Submitted to: Carbohydrate Polymers
Publication Type: Peer Reviewed Journal
Publication Acceptance Date: August 5, 2005
Publication Date: March 6, 2006
Citation: Byars, J.A., Fanta, G.F., Felker, F.C. 2006. The influence of oil on the properties of slowly-cooled jet-cooked normal corn starch dispersions. Carbohydrate Polymers. 63(3):316-322. Interpretive Summary: Excess steam jet cooking of starch and oil is the basis of the FanteskTM process that has been used at NCAUR to develop a number of important products. This work shows that the addition of oil to a jet-cooked starch dispersion can have a significant effect on its final properties. The type and amount of oil used, as well as the stirring conditions during cooling, can change the characteristics of the final product. An understanding of the effects of the product composition and cooling conditions allows for better control of the FanteskTM properties, and opens new areas of application.

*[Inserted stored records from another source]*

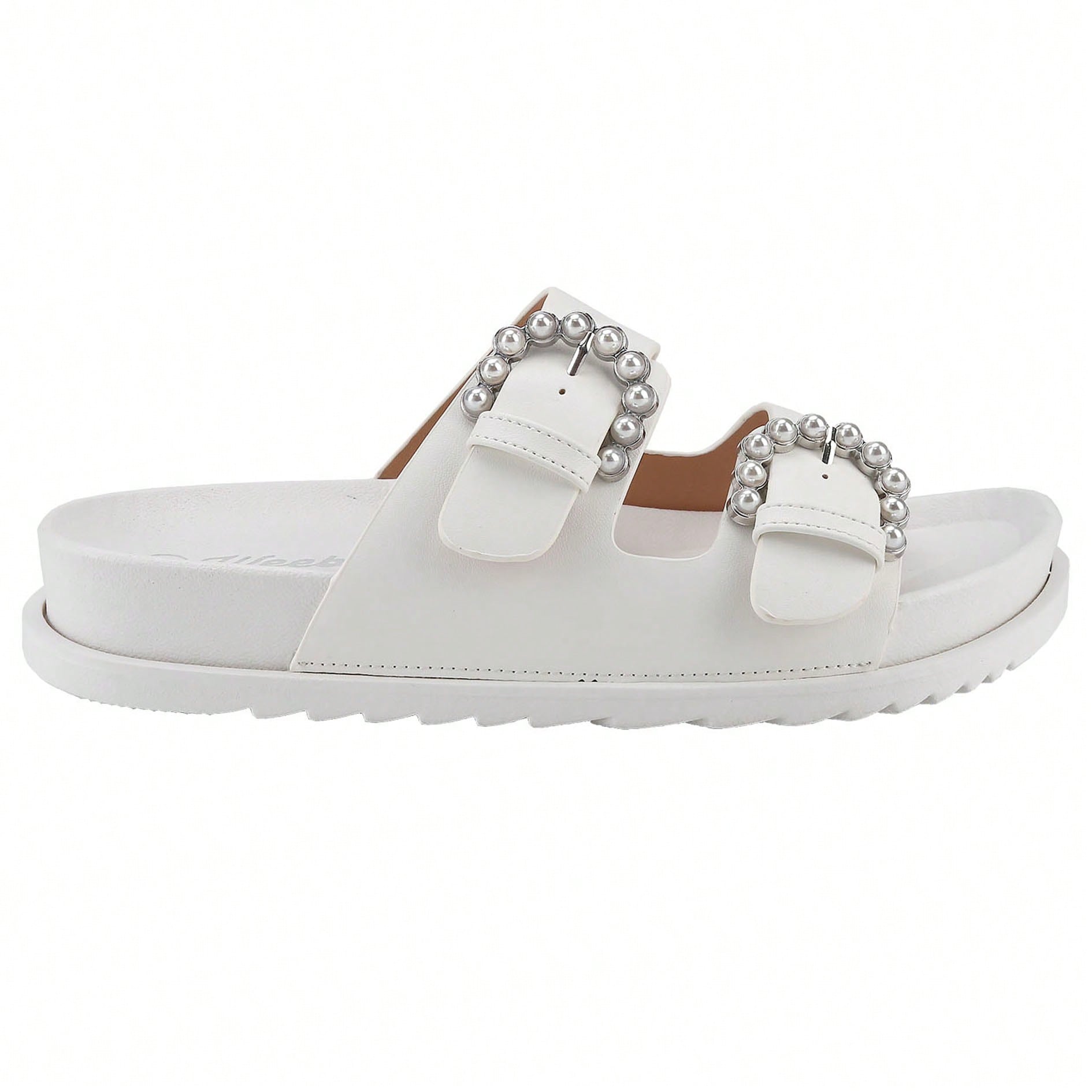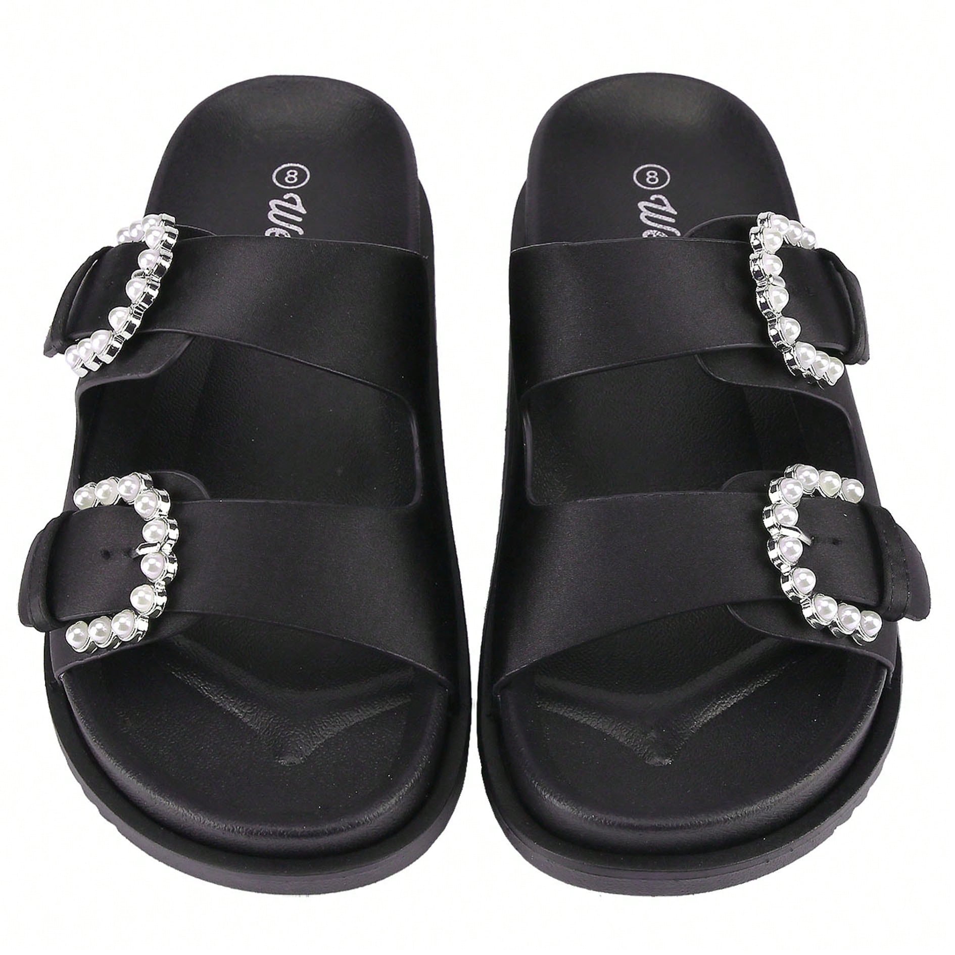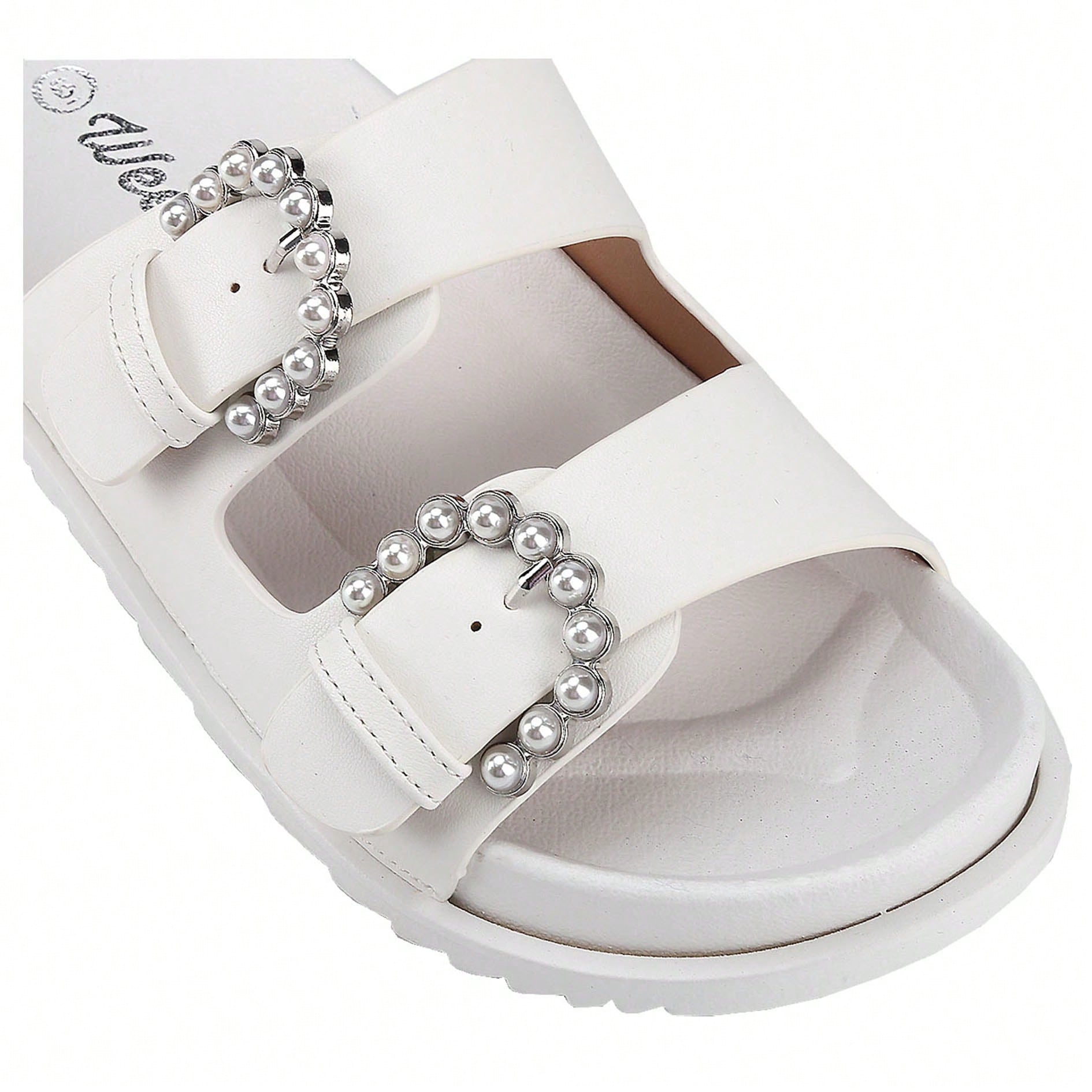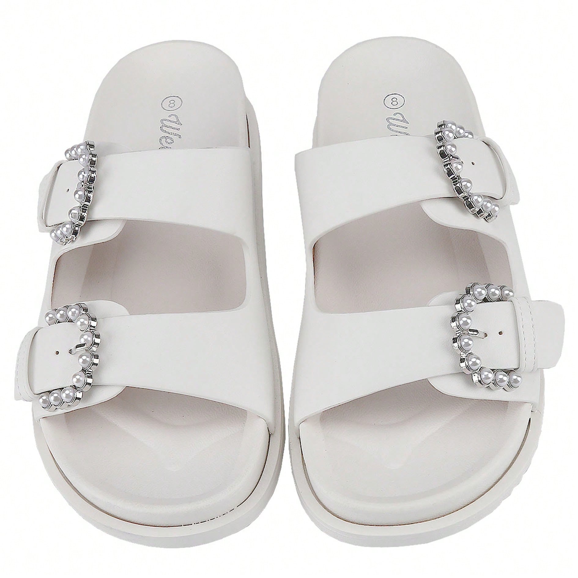 Women's Pearl Buckle Slides Women's Slides-Sandals Double Buckle Slip On-Summer-Slippers Adjustable Sandals Waterproof Swim Pool Bath Shower Shoes For Women Comfortable Non Slip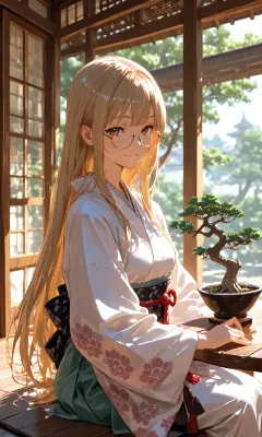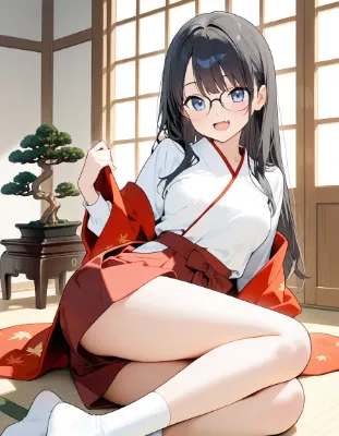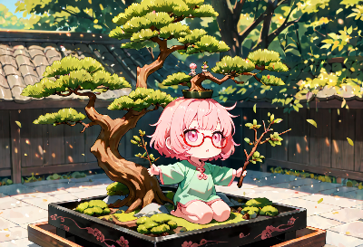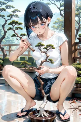 メガネっ娘さんと盆栽と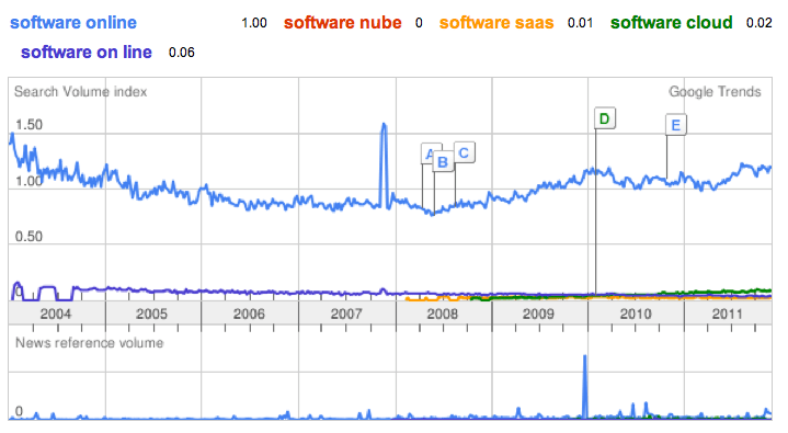- Prueba tus combinaciones en Google Keyword Tool . Por ejemplo, si mi software es en modelo SaaS en la descripción puedo usar: Software online, Software on line, software nube, software saas, software cloud. Con la herramienta de Google puedo hacer un cuadro como el siguiente.

Technical Abstract: Previous work has shown that when aqueous dispersions of normal corn starch are jet-cooked under excess steam conditions, the properties of the final product depend on the manner in which the cooked dispersion is cooled. Phase separation of the component molecules of starch alters the final properties, and the extent of phase separation depends on the cooling conditions. Both irregular, amorphous particles and spherical or toroidal crystalline particles were observed in the cooled products. Stable starch-oil composites with a wide range of applications are formed if oil is jet cooked with starch, and the goal of this work was to examine the effect of the added oil on the rheological and structural properties of cooled dispersions. A Rapid Visco Analyser was used to obtain a range of cooling profiles and stirring rates. The dynamic moduli increased with the addition of oil, and the effect was greater for mineral oil than soybean oil. Light microscopy showed that the crystalline particles were not formed in the presence of oil, but samples with oil contained different types of large and small spherical particles. The change in behavior is attributed to the preferential accumulation of amylose-lipid helical inclusion complexes at the oil droplet surface.